REED: Do a DAG Before You Do a Specification Curve Analysis
My previous two blogs focused on how to do a specification curve analysis (SCA) using the R package “specr” ( here) and the Stata program “speccurve” ( here). Both blogs provided line-by-line explanations of code that allowed one to reproduce the specification curve analysis in Coupé ( see here).
Coupé included 320 model specifications for his specification curve analysis. But why 320? Why not 220? Or 420? And why the specific combinations of models, samples, variables, and dependent variables that he chose?
To be fair, Coupé was a replication project, so it took as given the specification choices made by the respective studies it was replicating. But, in general, how DOES one decide which model specifications to include?
Del Giudice & Gangestad (2021)
In their seminar article, “ Mapping the Multiverse: A Framework for the Evaluation of Analytic Decisions”, Del Giudice & Gangestad (2021), henceforth DG&G, provide an excellent framework for how to choose model specifications for SCA. They make a persuasive argument for using Directed Acyclic Graphs (DAGs).
The rest of this blog summarizes the key points in their paper and uses it as a template for how to select specifications for one’s own SCA.

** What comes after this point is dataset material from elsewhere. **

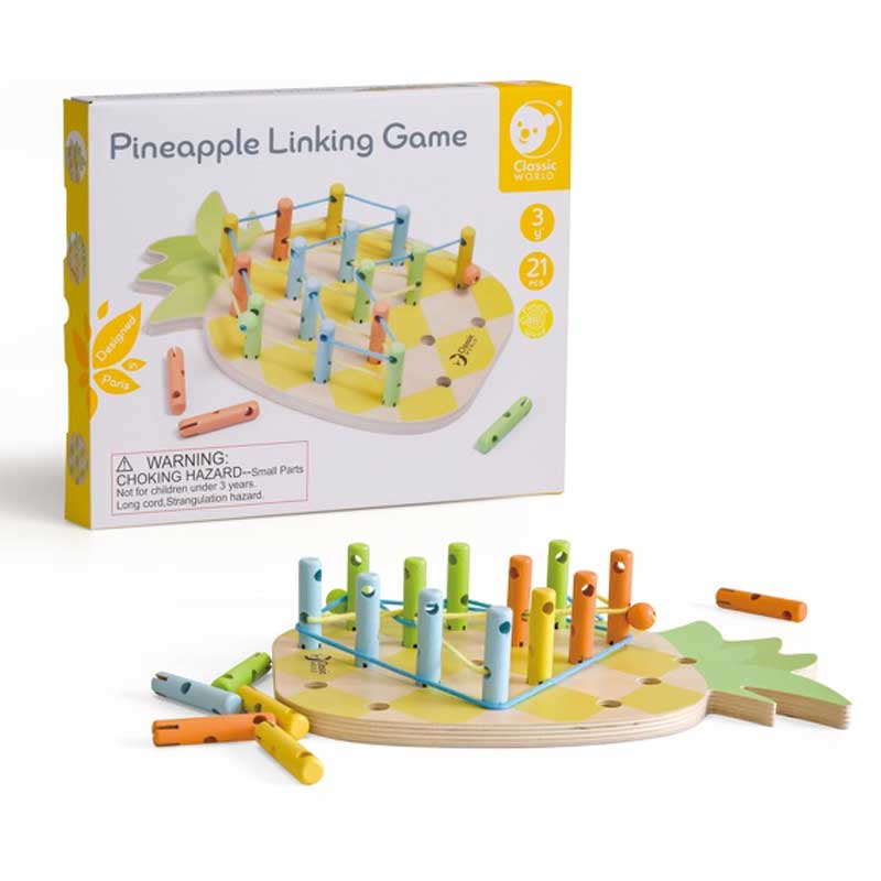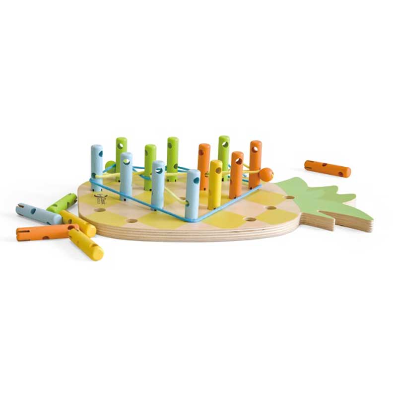 Играта „Сладък ананас“ включва дървена дъска във формата на ананас и дървени пръчици с дупки, през които трябва да се прекара въженце. Този процес на прецизност и концентрация подпомага развитието на моториката и уменията за решаване на задачи.

Using a DAG to Model the Effect of Inflammation on Depression
DG&G’s focus their analysis on a hypothetical example: a study of the effect of inflammation on depression. Accordingly, they present the DAG below to represent the causal model relating inflammation (the treatment variable) to depression (the outcome variable).
The Variables
In this DAG, “Inflammation” is assumed to have a direct effect on “Depression”. It is also assumed to have an indirect effect on “Depression” via the pathway of “Pain”.
“Inflammation” is measured in multiple ways. There are four, separate measures of inflammation, “BM1”-“BM4” that may or may not be correlated.
“Age” is a confounder. It affects both “Inflammation” and “Depression”.
“Fatigue” is a collider variable. It affects neither “Inflammation” nor “Depression”. Rather, it is affected by them. “Pain” and “Age” also affect “Fatigue”.
Lastly, “Pro-inflammatory genotype” represents the effect that one’s DNA has on their predisposition to inflammation.
One way to build model specifications is to combine all possible variables and samples. There are four different measures of the treatment variable “Inflammation” (“BM1”-“BM4”).
There are four “control” variables: “Pro-inflammatory Genotype”, “Pain”, “Fatigue”, and “Age”.
The authors also identify three different ways of handling outliers.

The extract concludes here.